Game 1: Diversity Duel
Write less, mean more.

Pairs compete to write the shortest prompt that generates the most diverse image. The word limit shrinks each round, from six words to five to four, forcing players to wrestle with which words actually matter for inclusive representation.

  • Round flow: Draw occupation card → write prompt → generate image → vote on diversity
  • Constraint: Word limit shrinks each round (6 → 5 → 4 words)
  • Competition: All four players vote on which pair's image is more diverse
  • Learning goals: #1 Recognize bias · #2 Connect to real-world inequities
Game 2: Secret Agent
Hide bias in plain sight.

Four players collaboratively build a prompt word by word, but one is secretly trying to inject bias without getting caught. After the image generates, the group debates and votes on who the saboteur was. Think Mafia, but for AI ethics.

  • Round flow: Each player adds 2 words → generate image → evaluate → vote on agent
  • Deception: Secret agent subtly increases bias in word choices
  • Deduction: Group analyzes the prompt to identify suspicious word choices
  • Learning goals: #3 Bias can be necessary · #4 When bias is harmful
Peer evaluation

Voting on outputs forces group deliberation. Players can't just passively observe. They must articulate why one image is more diverse than another.

Constrained creativity

Word limits force precision. With only four words, every choice matters. Players discover that "diverse" as a prompt word doesn't actually produce diversity.

Social deduction

Playing the villain teaches differently than observing. Secret agents must think about what word cues trigger bias, a form of adversarial AI auditing.

Attitudes shifted.
Then, nuance emerged.

Pre/post questionnaires and 360 minutes of recorded gameplay revealed measurable shifts in how teens perceived AI bias, along with surprisingly sophisticated ethical reasoning.

Bias recognized as harmful
81%
of learners post-game (up from 44%)
Neutral responses
2
down from 9 in Secret Agent
Audio recorded
360
minutes of group discussions
Diversity Duel: "Do you think these AI images are good?"
Pre-game
Post-game
Secret Agent: "Bias in AI is not harmful" (disagreement = awareness)
Pre-game
Post-game
What the learners said
"The quality was good, they only used one gender per prompt because that's usually the people that are thought to be in those positions."
P14, age 17. After recognizing gender bias in doctor images
"When you ask for multiple races or a race, it gives all White people."
P9. Discovering systematic racial bias in outputs
"It really depends on how impactful the bias is… if it's about what gender is mostly considered for a job, that's very harmful.
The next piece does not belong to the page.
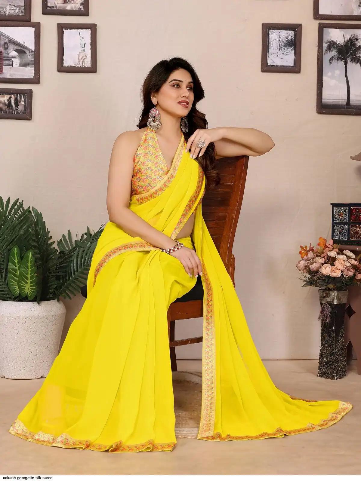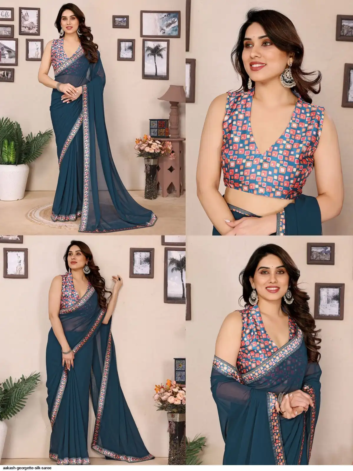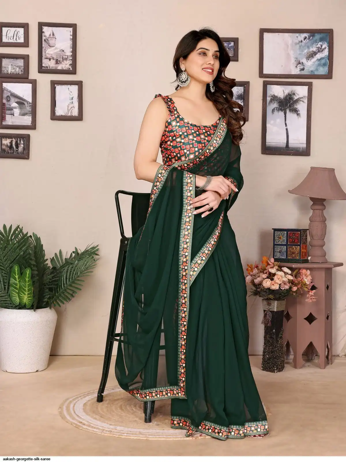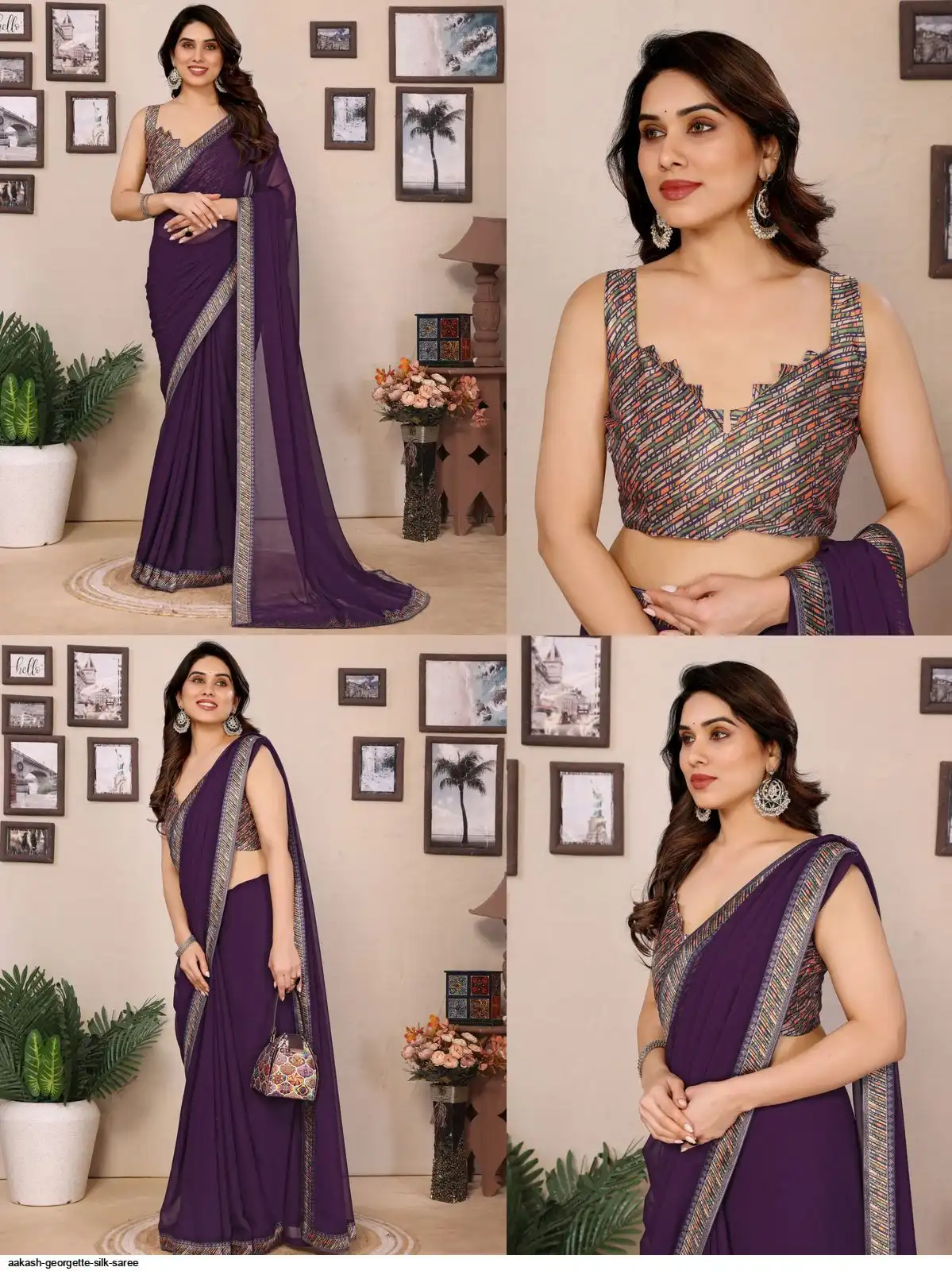 PATTERN-PLAIN SAREE WITH DIGITALPRINT LACE WITH DIGITAL PRINT BLOUSE

But if the bias is about what color shoes best suit a style, that doesn't matter."
P12. Distinguishing harmful from benign bias
"I feel like we're giving AI its own opinions, but it's a man-made thing, so it's not its own thing."
P13. Questioning AI agency and human accountability
The nuance that surprised researchers

Participants didn't just label bias as "bad." They developed contextual reasoning, arguing that bias can be harmful when it reinforces stereotypes about jobs or races, but potentially helpful when it flags threats or moderates content. One learner pointed out that a bias toward charity "could help people." This dynamic, context-dependent understanding of bias is what the researchers were aiming for. It is not something prior approaches have consistently produced.

How to build games
that teach AI ethics.

What worked, what didn't, and what to steal for your own educational game designs.

1
Competition drives deliberation
Voting on "which image is more diverse" forced players to articulate criteria, defend positions, and reach consensus. Peer evaluation turned passive observation into active ethical reasoning.
2
Constraints reveal what matters
The shrinking word limit was the most revealing mechanic. With only four words, players discovered that "diverse" as a literal prompt doesn't work. They had to think about what diversity actually looks like in visual terms.
3
Let them play the villain
The Secret Agent role, tasked with subtly injecting bias, sparked the deepest strategic thinking. Players had to reason about exactly which words would trigger AI bias, a form of adversarial red-teaming disguised as a party game.
4
Bias is not just a bug
Frame bias as contextual, not categorically wrong. AI systems need learned associations to function. The real question, which the games surfaced naturally, is when those associations become harmful and who gets to decide.
5
Adjust for age and ability
Time pressure worked for older teens but disadvantaged younger players who typed more slowly. Word constraints sometimes flattened thinking into demographic checklists rather than rich descriptions. Build in flexibility. Add an unconstrained round for comparison.
6
Use real AI, not simulations
Both games used a live text-to-image generator (DeepAI). The unpredictability of real outputs created genuine surprise moments, like when a "diverse" prompt produced all white faces, that are hard to replicate with pre-built scenarios.